Women, and predominantly women in low-paid work, are forced to choose between caring for a loved one or keeping their job.
And a lack of robust public investment has decimated our ability to provide good quality home and community-based care for aging and disabled people.
Furthermore, the people who work in these care roles and who are—you guessed it—predominantly women, are driven into poverty or out of the workforce by unsustainable wages and poor working conditions.
Yet, instead of collecting more tax revenue from those at the top so that we can invest in our chronically underfunded care systems, Republicans have decided to double down on the disastrous course of more tax cuts for the wealthiest.
All of us will need to care for ourselves or a family member at some point in our lives, and many of us provide care for a living. If the wealthiest individuals and corporations simply paid their fair share in taxes, there would be more than enough to invest in childcare, paid leave, and aging and disability care, which would help our families and our economy thrive.
President Joe Biden knows this. Just last month, he stood before Congress and declared: “If you want to make—or can make—a million or millions of bucks, that’s great. Just pay your fair share in taxes.”
He proposed a minimum tax of 25% on billionaires, which would raise $500 billion in 10 years, and called for investing that revenue in paid leave, home care, and childcare.
It’s no surprise that line prompted thunderous applause.
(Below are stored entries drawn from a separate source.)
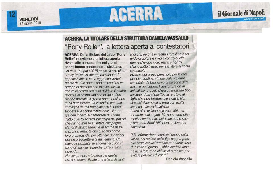 Pubblichiamo la lettera aperta pubblicata su il giornale di Napoli per i fatti successi il 18 aprile 2015 durante la manifestazione animalista presso il Rony Roller Circus della famiglia Vassallo.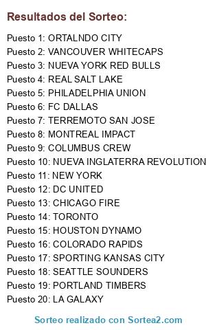 Lista de participantes: COLUMBUS CREW, DC UNITED, NUEVA YORK RED BULLS, NUEVA INGLATERRA REVOLUTION, CHICAGO FIRE, COLORADO RAPIDS, FC DALLAS, SPORTING KANSAS CITY, LA GALAXY, HOUSTON DYNAMO, VANCOUVER WHITECAPS, REAL SALT LAKE, MONTREAL IMPACT, PORTLAND TIMBERS, SEATTLE SOUNDERS, TORONTO, TERREMOTO SAN JOSE, PHILADELPHIA UNION, ORTALNDO CITY, NEW YORK.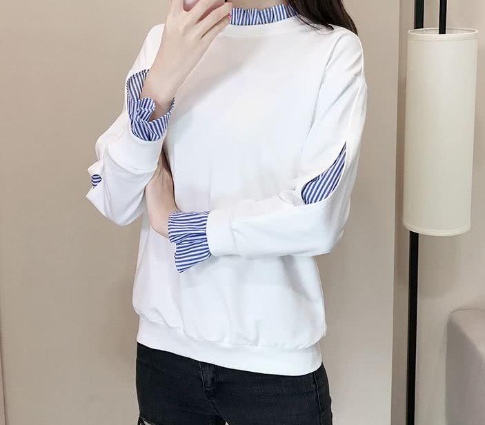 蓝白色相间的内搭,更是增添了自己洒脱利落的效果,上面的色调相间,显瘦的感觉更是瞬间展现,将自己修长的手臂都展现,搭配黑色的紧身裤,将一双长腿都完全展现,很是清新和简练和大气利落了。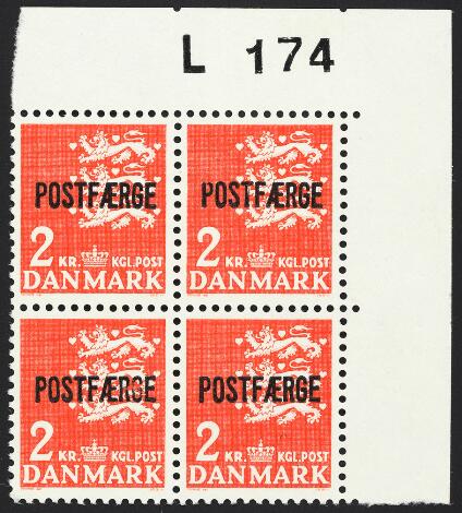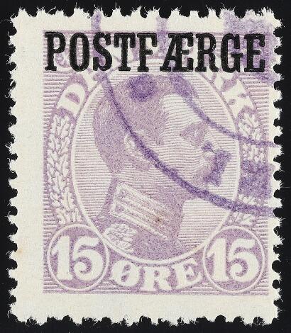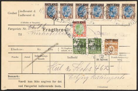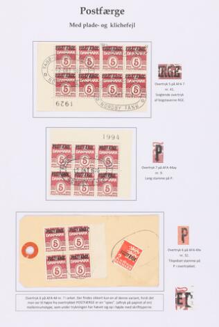 Postal Ferry. Coll. on 10 pages with various overprintvarieties incl. Chr. X, 15 øre POSFFÆRGE and Wavyline, 5 øre block of 4 with large SPIES afetr E etc.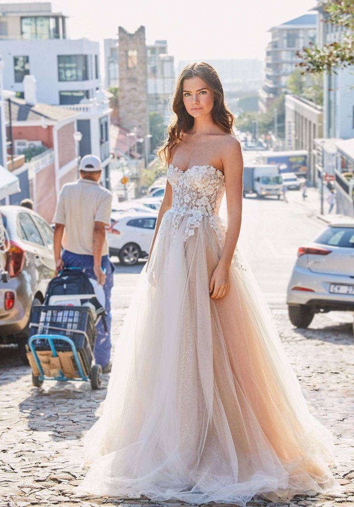 Driven by sophisticated simplification, the Jolie Bridal Venice Collection combines superb artisan work and pure edginess. The collection features sheer gowns, ruffled sleeves and empire waists designed exclusively for the bride who has impeccable taste and likes to stay up on the trends. Lace accents, as well as shimmering details, bring unique touches. Necklines show skin, either featuring a plunging v-shape or strapless design.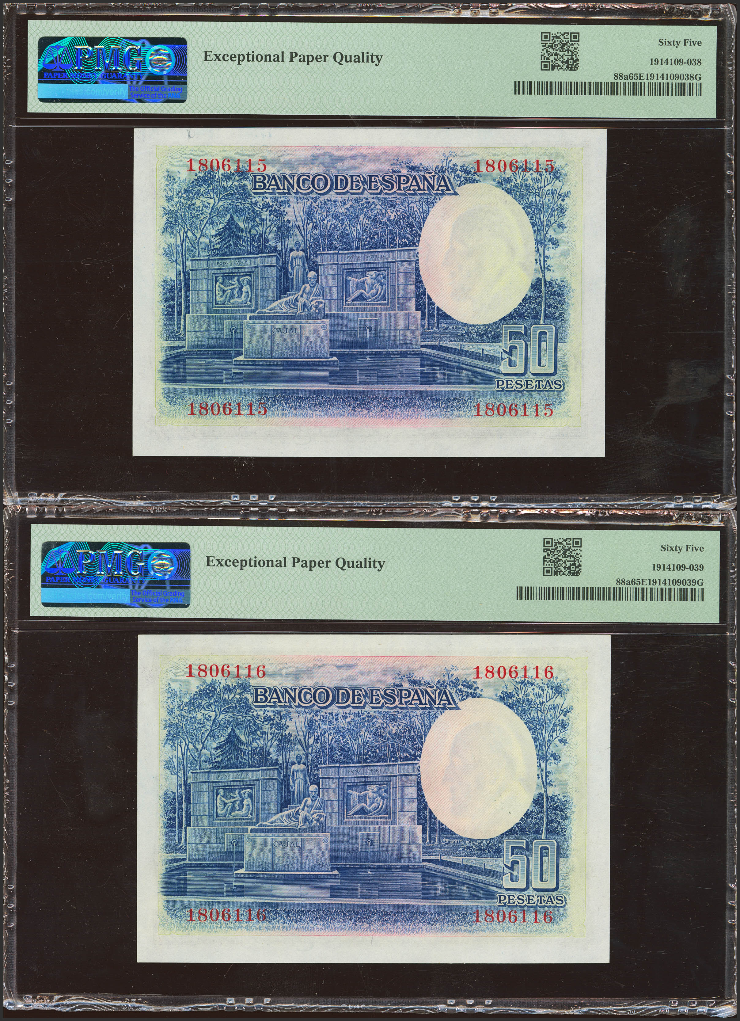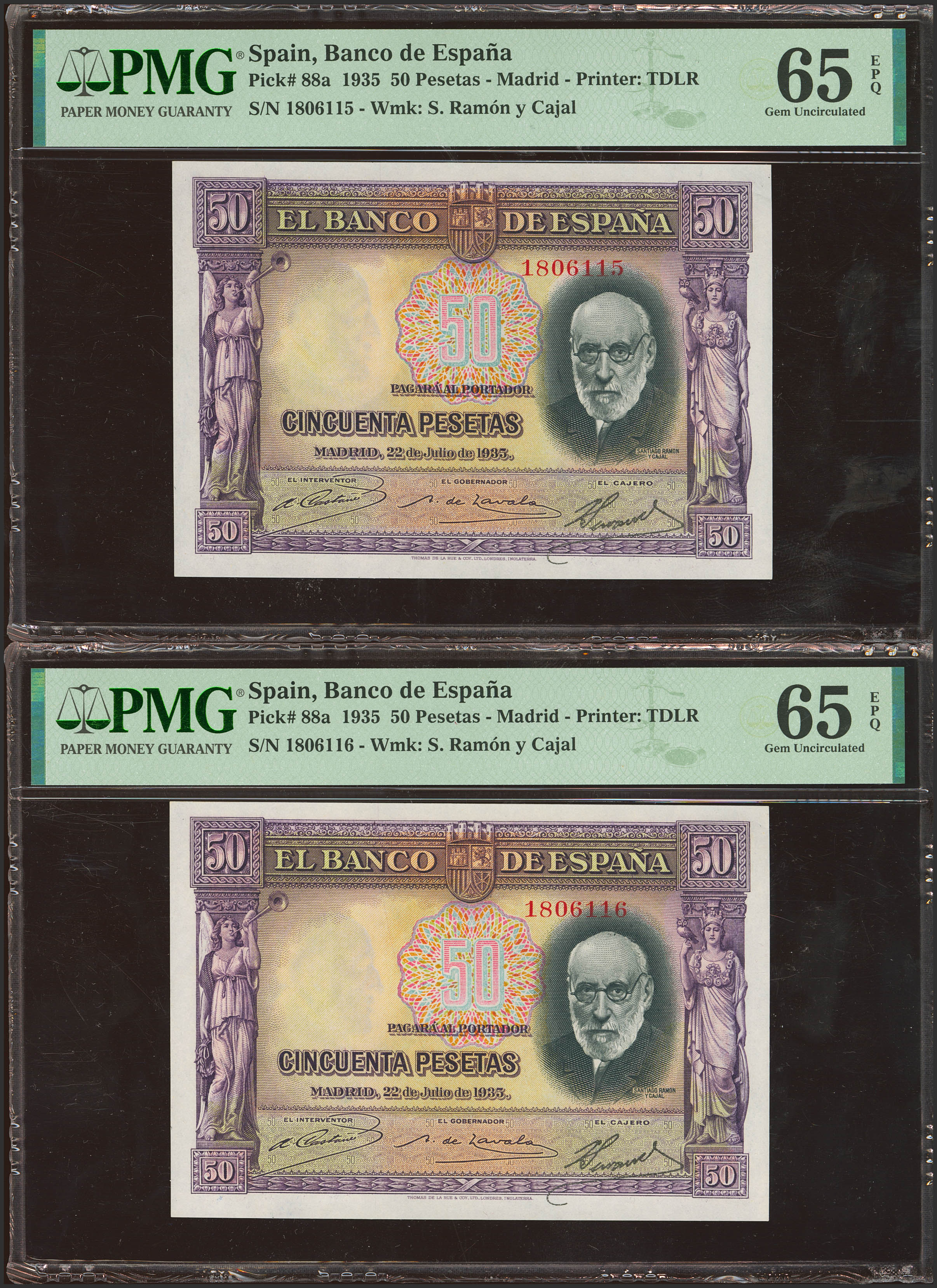 50 Pesetas. July 22, 1935. Correlative pair. No series. (Edifil 2023: 366, Pick: 88a). Uncirculated. Encapsulated PMG65EPQ, both.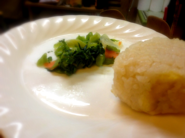ぱっと見、フレンチっぽく見える写真です(見えねがしたん、?、)が、「おみづけ」と「栗ごはんのおにぎり」です。んまいっけ。。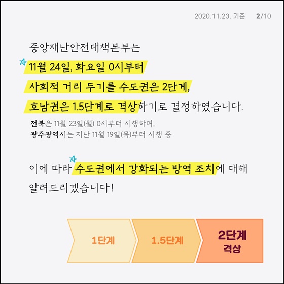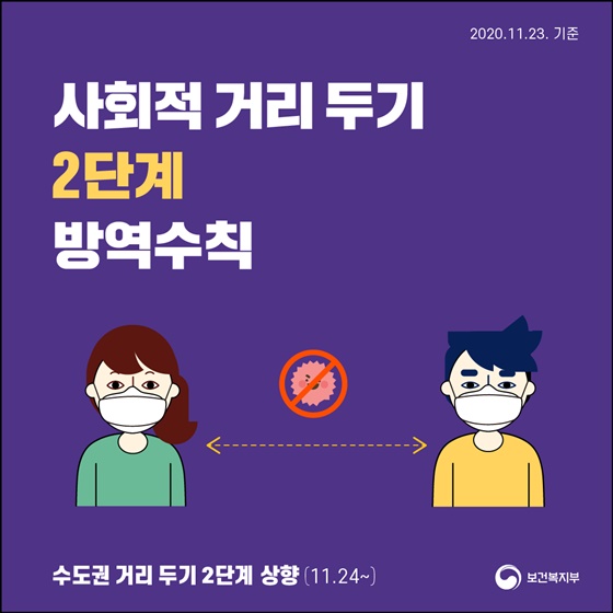 사회적 거리두기 2단계가 시행되고 있습니다.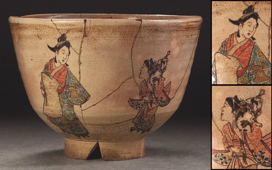 - ∇花∇江戸時代中~後期 仁清焼 色絵花魁図切高台茶碗 猫を抱く禿 赤青の華やかな窯変景色 仁清陶印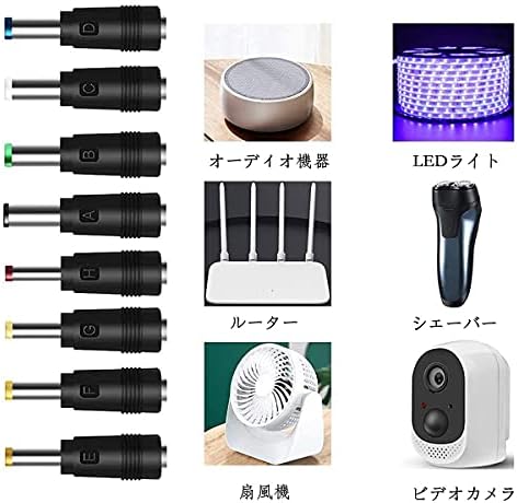 【プラグアンドプレイ】操作は簡単です。入力5vから出力12vまで、電源供給ケーブルは長さ1mです。十つの変換コネクタがあるので、ほとんどのデバイスを充電できます。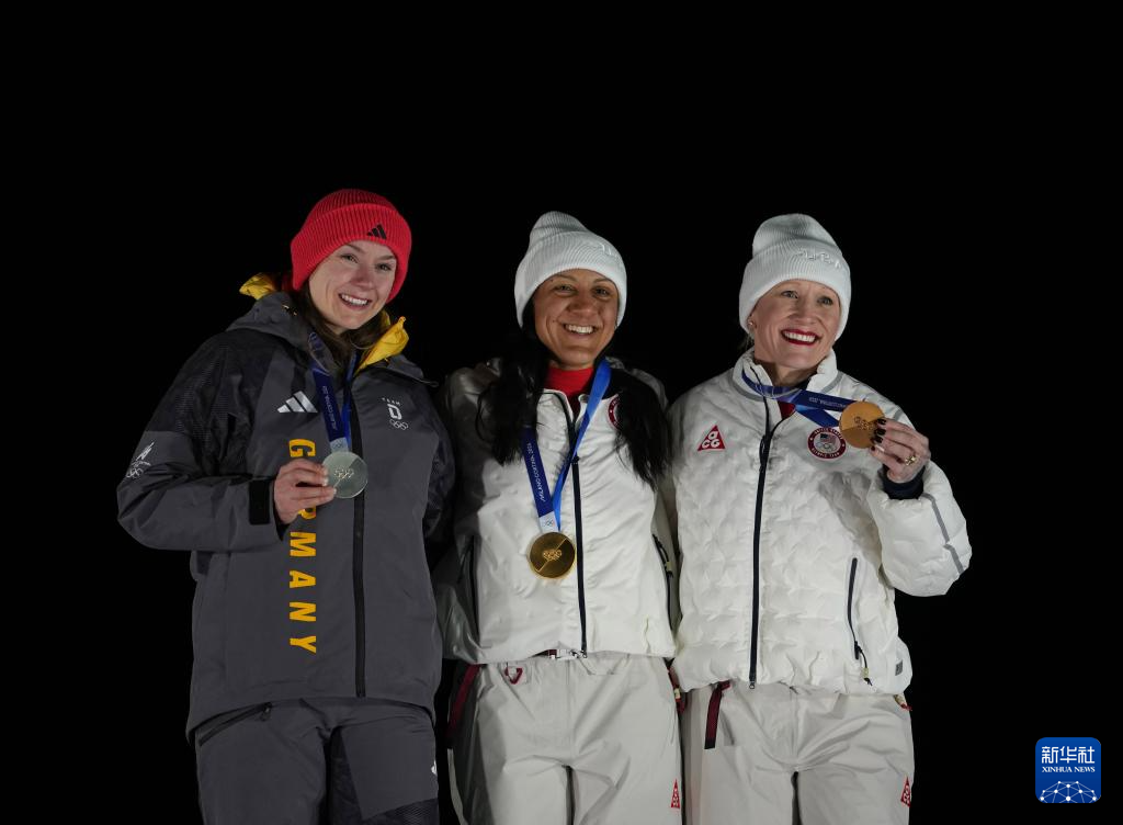 2月16日,冠军美国选手埃拉娜·迈耶斯·泰勒(中)、亚军德国选手劳拉·诺尔特(左)和季军美国选手凯莉·汉弗莱斯在颁奖仪式上合影。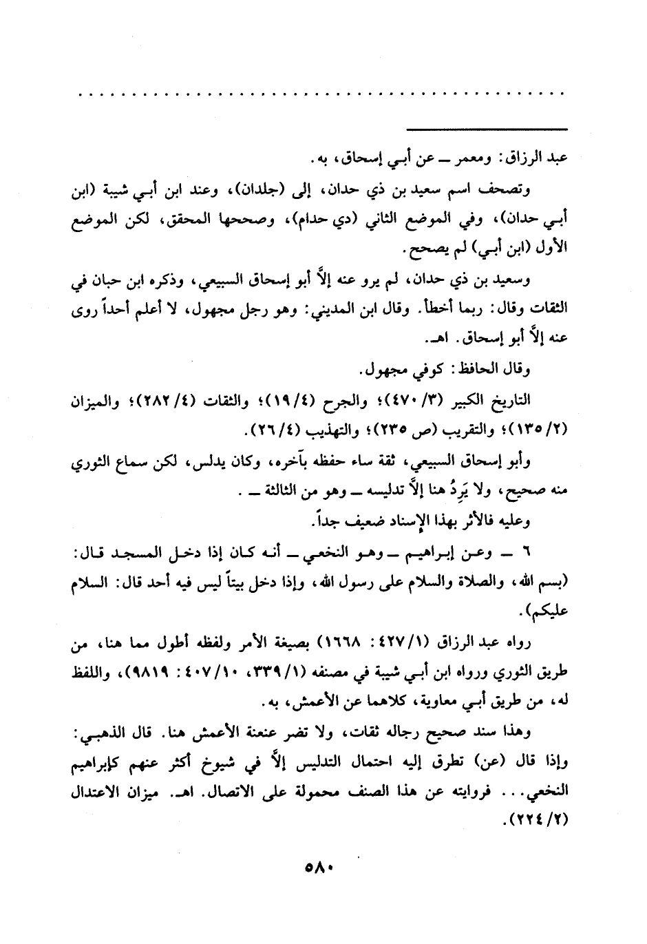 وأبو إسحاق السبيعي، ثقة ساء حفظه بآخره، وكان يدلس، لكن سماع الثوري منه صحيح، ولا يَرِدُ هنا إلَّا تدليسه -وهو من الثالثة-.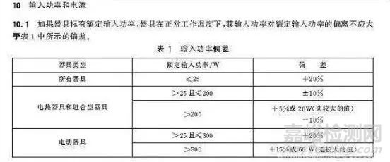 GB 4706.1-2005《家用和類似用途電器的安全 第1部分 通用要求》中對(duì)家用電器的輸入功率偏差要求如下: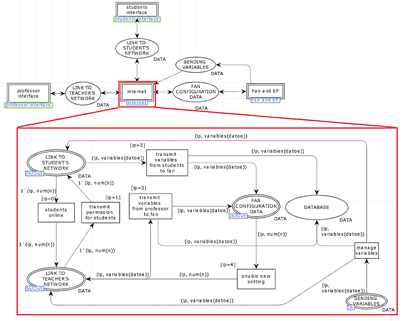 The macro transition “internet”, see Figure 6, manages all the information shared by the students, professor, and devices, an example is, the permits assigned by the professor, which are sent via the internet to the students.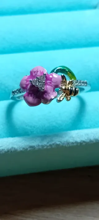 Precioso anillo con diseño de flor y abeja. Talla 21 - Elaborado en plata de ley. - Detalle de esmalte en la flor. - Pequeños detalles de circonitas en la flor.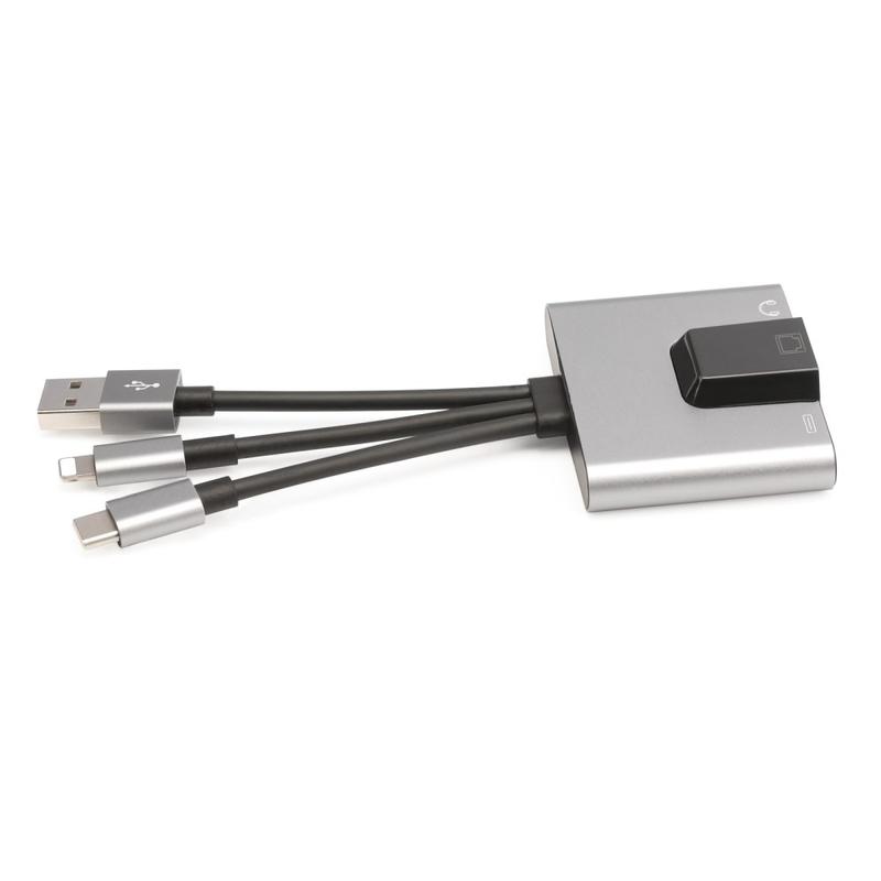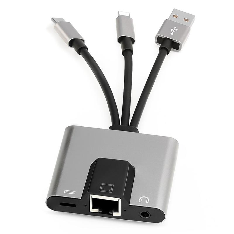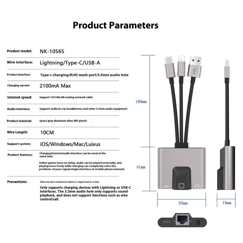Adaptateur Ethernet 3-en-1 NK-1056S - USB-C, USB-A et Lightning, prise audio 3,5 mm et support de charge USB-C pour Windows, Mac, iPhone et iPad - 10cm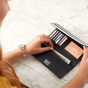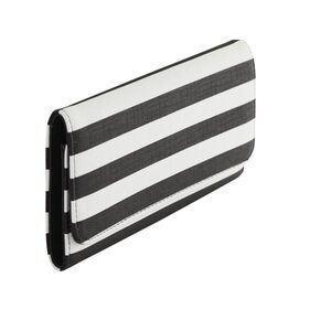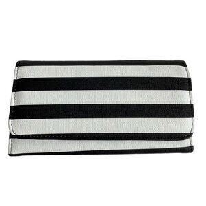 Kut from the Kloth Tri-fold Envelope Wallet Black White Stripes Snap Closure
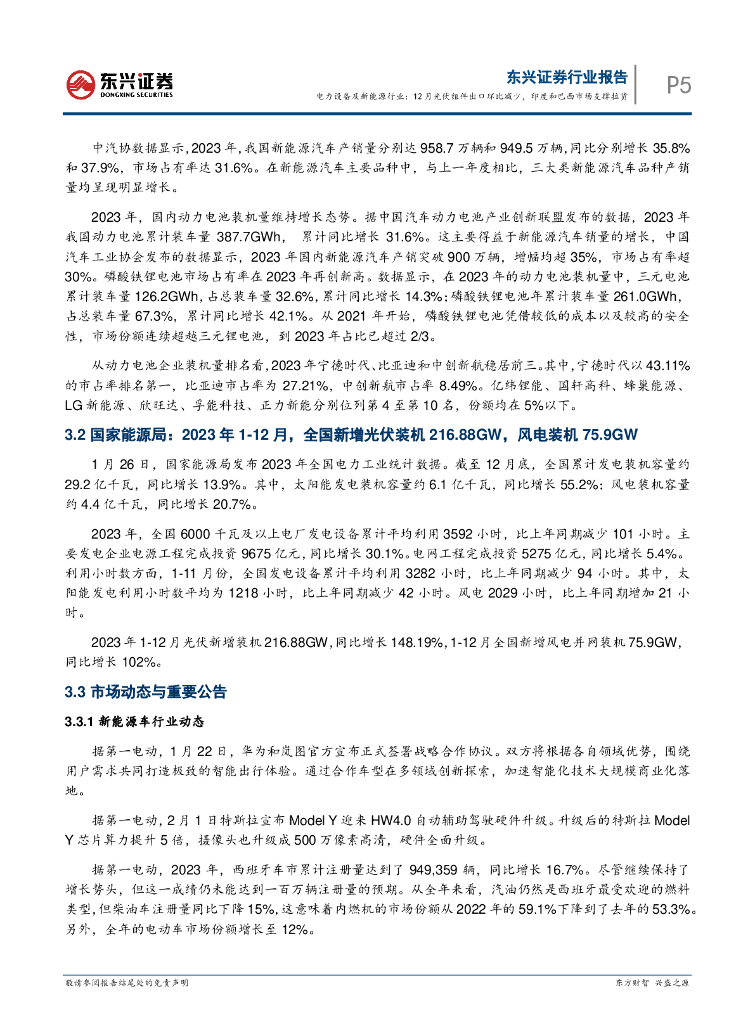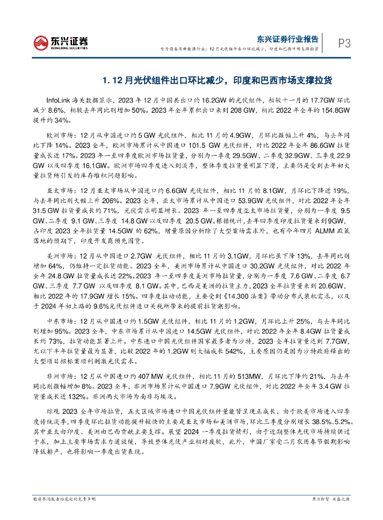 东兴证券:电力设备及新能源行业:12月光伏组件出口环比减少,印度和巴西市场支撑拉货.pdf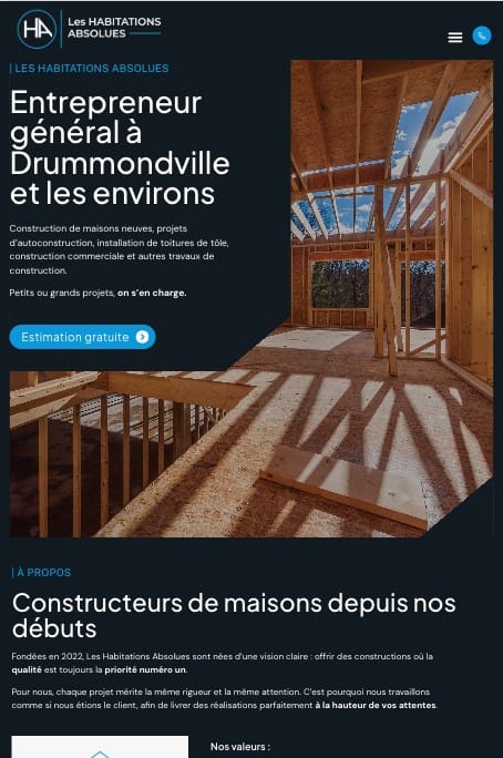 Habitations Absolues conçoit et réalise des projets résidentiels et commerciaux haut de gamme, alliant design, qualité de construction et souci du détail. L’entreprise souhaitait un site web à la hauteur de ses réalisations, capable de soutenir activement sa croissance.

The president knows that connecting taxes to the investments that would make a difference in the lives of women and families is a winning message. New polling from the National Women’s Law Center and MomsRising found that nearly 80% of respondents were supportive of increasing investments in the caregiving agenda by raising taxes on the wealthiest and big corporations.
Women are disproportionately burdened by our lack of equitable caregiving investments, and this polling reaffirms that focusing on how taxes can support gender justice priorities could sway voters to Biden’s side. For instance, two key voting demographics, Black women and Gen Z women, consistently and strongly support the care agenda that President Biden is pushing according to this poll.
In stark contrast, the Republican candidate, former President Donald Trump, has been privately talking about cutting the corporate tax rate even further, similar to what he did in his 2017 Republican-passed tax bill, the Tax Cuts and Jobs Act. This is not only a terrible idea for our country and our economy, but also for his campaign.
The new survey results showed that two-thirds of voters across party lines agreed that we need to get rid of the disastrous 2017 tax cuts for the wealthiest, a sentiment that is consistent with poll after poll over the past five years.
Since this bill was signed into law, billionaire wealth has increased by more than $2 trillion (a 77% increase) at a time when the child poverty rate has more than doubled. What’s more, since 2017, this tax law exploded the national debt and decimated federal tax revenue.
Imagine instead a tax system where the richest pay their fair share, which allows us to invest in our shared priorities. That’s the future tax code that President Biden wants to create. And our polling shows that voters overwhelmingly want to increase investments in the care priorities that families need by raising taxes on the wealthiest.
Tax Day may be in April, but voters will be thinking about taxes until November.